Once, when I was a kid, my family and I were on vacation in Wales. My little brother and I would always wake up early and play with our toys while our parents slept in. That morning we were playing with a set of animal toys. An argument broke out and my brother grabbed a rubber snake, pulled from both ends, and snapped it in half. I started crying and thumped him. He started crying too. Our parents woke up and I got punished. Obviously, my crime was worse, but back then I didn’t think so. In a few minutes, my brother would be fine. Whereas my toy would be broken forever.
Of course, the life of a child is so fleeting. Our curiosity takes us from one focus to the next. In a day or two the toy would be forgotten about. But on that morning, it was the most important thing. In the moment, the tiniest misfortune seems like the end of the world.
Many years later, these childhood fears resurfaced during a philosophy class in college. Our professor stated that people were more afraid of dying than death itself. But a friend of mine spoke up and declared that he was more afraid of death.
“I just can’t imagine not existing.”
I felt as though his words echoed my own longstanding fear of the point of no return.
But I wonder if I’m still as afraid of death now as I had been growing up.
Once the initial shock of seeing the Notre Dame ablaze had passed, I began to feel oddly at peace with the whole thing.
I read that Macron had pledged to rebuild the cathedral within five years, and all I could think was that we were delaying the inevitable.
One day it will be gone for good. A day will come when everything we’ve ever created will be irretrievably lost, despite our best efforts to preserve them. Everything we cherish, our greatest cultural achievements, will one day vanish without a trace.
One day the works of Shakespeare will be performed for the last time.
One person in that production will be the last person ever to speak a line of Shakespeare.
Will they know that as they are saying it? Or will they assume that there will be many more productions, and therefore many more thespians to perpetuate the life of Shakespeare as they speak it each time into existence? Will the last line of Shakespeare ever said by humankind even be the final line of the play it’s in? Maybe the last production will go unfinished, interrupted perhaps by a tactical nuclear strike?
But, futile as it may seem, we will make every attempt to preserve the likes of Shakespeare and the Notre Dame until the last possible moment- until it’s already far too late in fact- because without them, what’s the point? We’re already dead.
When I saw the large crowds gathered outside the Notre Dame in an emotional, candlelit vigil, all of them singing songs, I didn’t get that warm fuzzy feeling everyone else got. Maybe I’m just too cynical and jaded to ever consider celebrating human nature. I suppose you could read the scene in a variety of ways; aesthetic, religious, or even nationalist in character. Personally I opted for a bleaker view of the scenes of unity.
Angsty teenage Hamlet has always resonated with me (can’t think why!), and I liked to think that the crowd outside the Notre Dame were all Hamlet, and the burning cathedral the hollowed-out skull of Yorick. For a moment, they were face to face with the ultimate and inescapable fate of us all. Death is the great equalizer.

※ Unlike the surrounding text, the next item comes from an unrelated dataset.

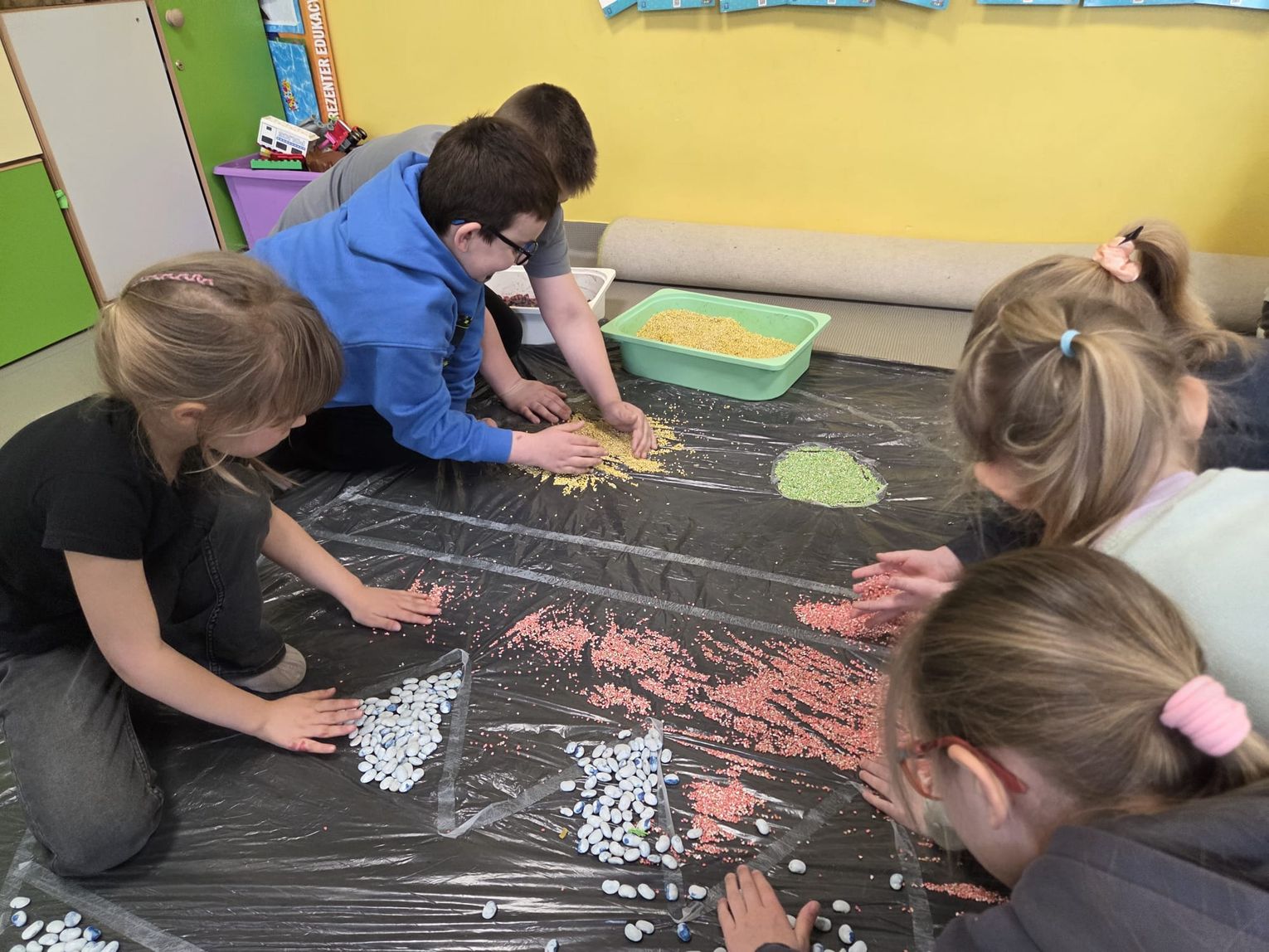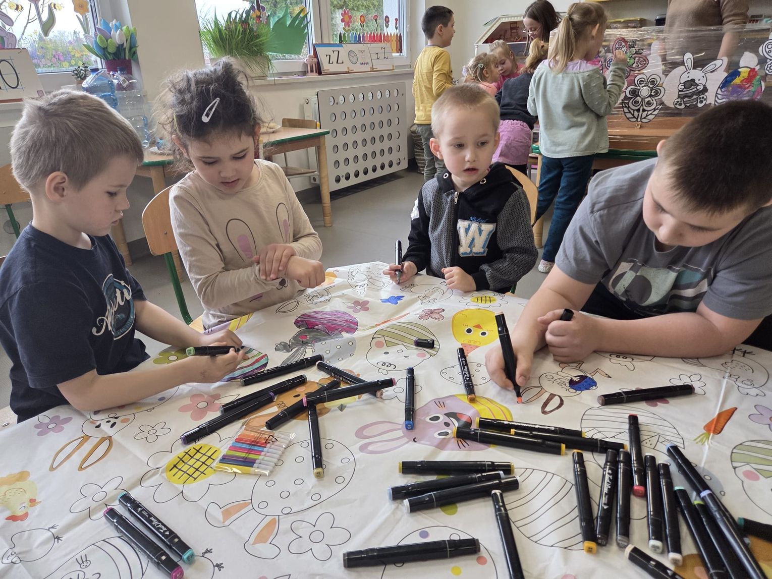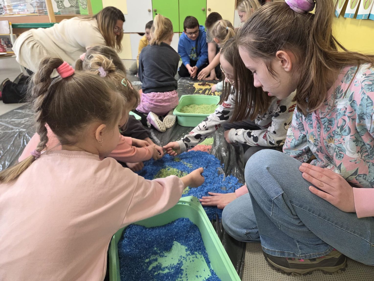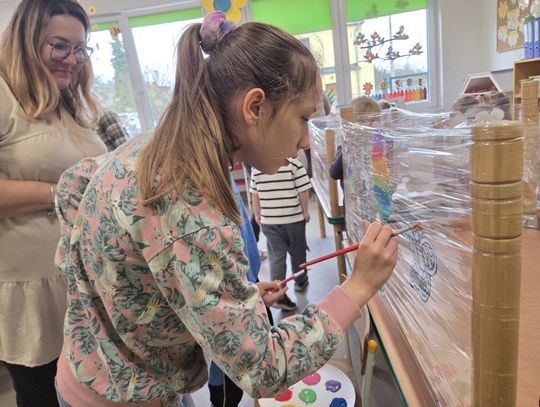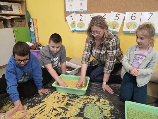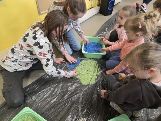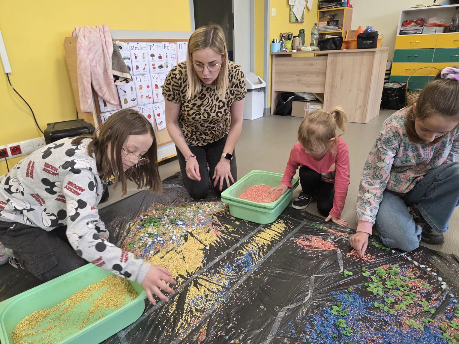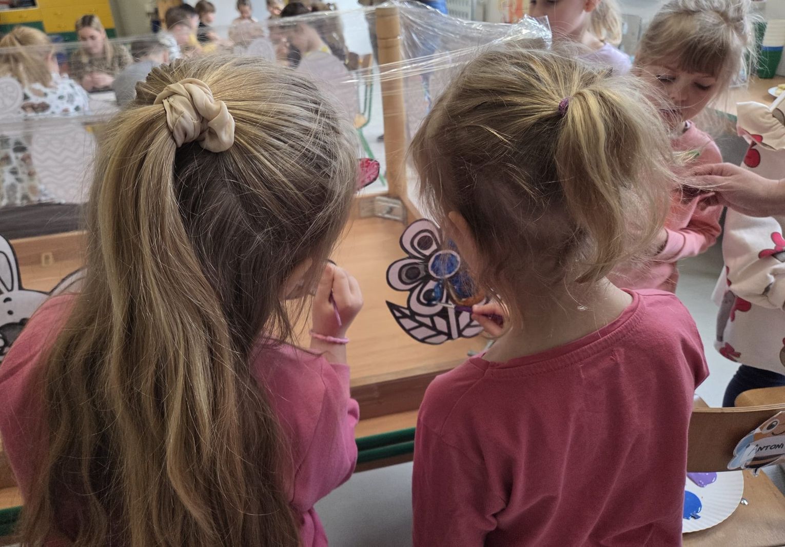Nie zabrakło również kreatywnych zajęć plastycznych. Malowanie na folii stało się okazją do tworzenia kolorowych prac inspirowanych wiosną i zbliżającymi się świętami wielkanocnymi. Dużym zainteresowaniem cieszyła się także sensoplastyka – zabawy z wykorzystaniem ryżu, makaronu czy kaszy, z których powstały efektowne pisanki i wiosenne dekoracje.
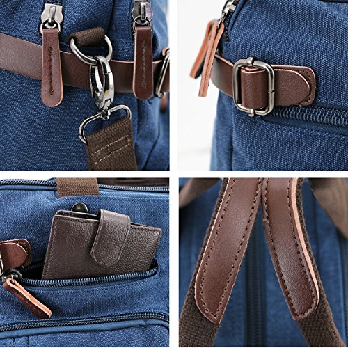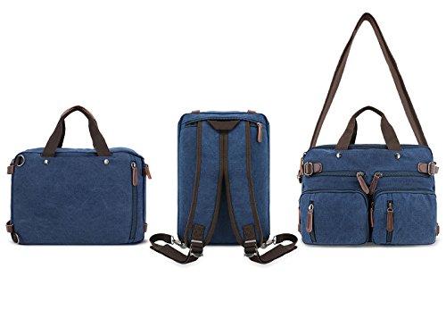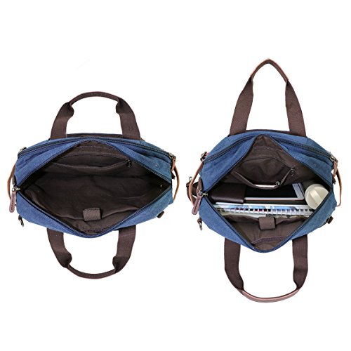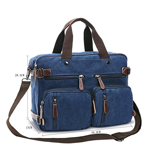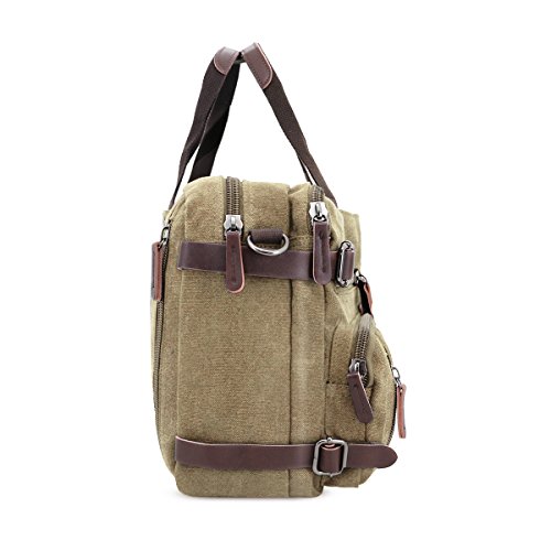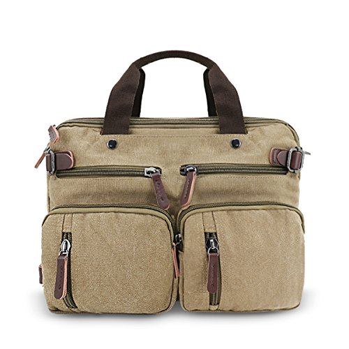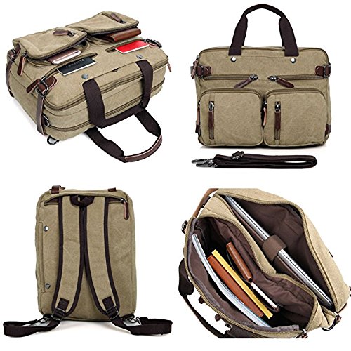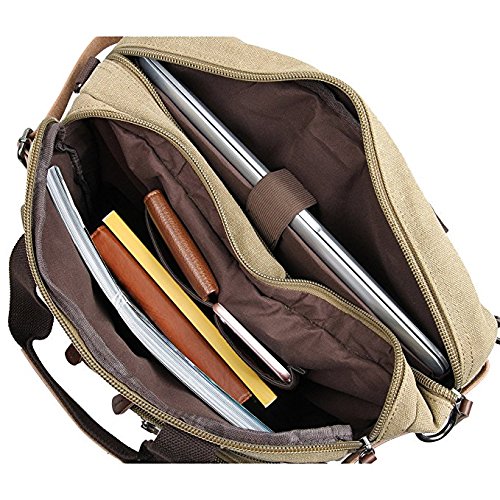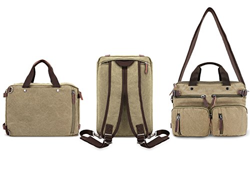 Structure ? 2 main pockets ? 1 laptop compartment ? 1 inner zip pocket, 2 inner small pockets ? 6 front zip pockets, 1 front pocket ? 2 back pockets (could hide shoulder straps) Key Features ? Top Quality And Affordable Price LYDC series products are produced by our factory which has produced many backpack for international brands. We sell LYDC products directly through Amazon platform rather than traditional channels such as distributors or retailers, So we can give customer more discount on price. ? Material And Processing Characteristics The vintage messenger bag is made of high quality 16 OZ vintage canvas and genuine leather material. So it's very durable. This soft, dense and water resistant canvas will last for a long lifetime. We have employed high-grade thicken canvas reinforced to maximize vintage messenger bag strength for your ultimate safety. So the vintage messenger bag are tested to hold up to around 45 pounds. ? Way Too Easy Money Back Promise Our promise is that our product is just as great, better or the best out there and we back it with our crazy promise. If you are unsatisfied with our backpack, you could contact us and tell us your reason, then we will give you your money refund within 24 hours and you can keep the backpack. Package includes ? 1 padded shoulder strap tab. ? 1 backpack/plastic bag (Please keep plastic package bag away from children). Notes ? There may be a small smell when you take this bag, it is new and unused. Open the package and put it in a ventilation for a few hours, then the odor will disappear. ? Please be reminded that due to the lighting effect environment, brightness and contract parameters monitor etc, there could be slight differences between the color tone of the images and real object. 0

I find it interesting the way big events trickle down into our individual private lives, even if that process can be quite damaging. I’ve been thinking about this all spring. I decided I wanted to do a blog post about the spring of this year, intertwining my personal life with events at large. The Notre Dame Fire seemed as good a place as any to start.
What does the place mean to me? I was fortunate enough to see it once. I traveled to Paris in 2016 with Anne-Marie, Aaron, and the diamond engagement ring he was about to give her. So that’s what I associate the building with. I think of us taking pictures of each other in the gardens around the back of the cathedral. I remember wondering excitedly when Aaron would pop the question, as I took portrait after portrait of them against the flowers. I think of Anne-Marie, quite unaware of the ring that awaited her finger, giggling at us from under her floppy, wide-brimmed black felt hat. We fell away from the Notre Dame, falling into absent laughter, crossing the flooded Seine and heading toward the Latin Quarter in search of some authentic fondue. We were so consumed with love that we forgot about the cathedral, not thinking we had quite possibly taken our last look at it.
The relationship between the big and the small, the public and the private, the profound and the mundane, is another obsession of mine.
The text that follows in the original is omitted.